Judi and I went star gazing one more night that week. I thought that I surely had imagined the star the first night. If it happened again, I would be amazed.
Again we drove out into the country. This time I was searched more independently, and again I expected nothing. I was amazed to discover two or three groups of pinpoints, more pale than the one I had seen the first night. I closed my eyes and turned them away. When I opened them again and turned back toward the place, the groups of pinpoints shone like little groups of candles hanging from the sky. In one group, a single pinpoint shone brighter than the others, catching my attention.
When Judi and I first discussed stars, I asked her if they really had five or six points. More than anything, I wanted to understand what a star was. It did not matter to me whether I understood it by seeing it or by receiving an explanation. She answered that they appeared that way if she squinted. Her matter- of-fact answer to my question and willingness to answer other questions I had flooded me with a feeling of fellowship and removed all feelings of inferiority that came from the knowledge of my physical difference.
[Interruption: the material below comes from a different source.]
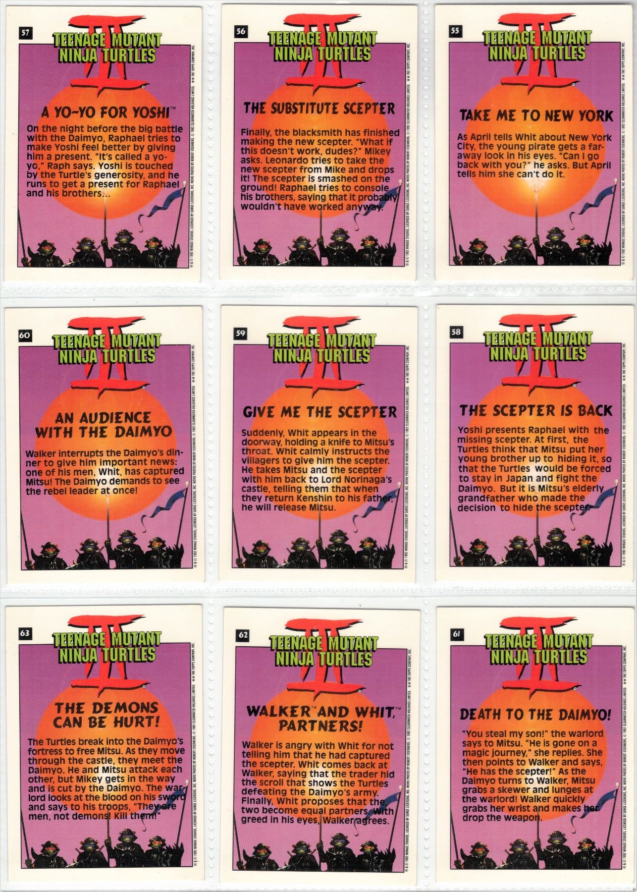 Teenage Mutant Ninja Turtles III 1992 Topps Trading Cards - All 88 Collectors Cards Plus Some Sickers
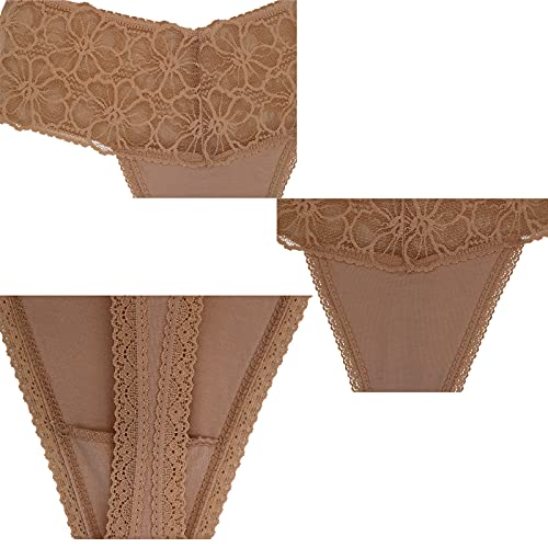 Delcroix Lace Thongs for Women - Cotton Underwear Panties Pack 5

In that moment, I realized that whether or not I ever saw a star or even another object, I was a part of God's family and I could be amazed at His handiwork along with everyone else.
For many years I found it difficult to sing the lines of a certain hymn:
I see the stars, I hear the rolling thunder,
Thy power throughout the universe displayed.Then sings my soul, my Savior God, to the.
How great thou art! How great thou art!
Judi's willingness to explain the appearance of the stars freed me to praise God for His works in the heavens. But even more amazing than the heavens is the understanding that He knows the desires of my heart and blesses me every so often with a gift I never expected to receive.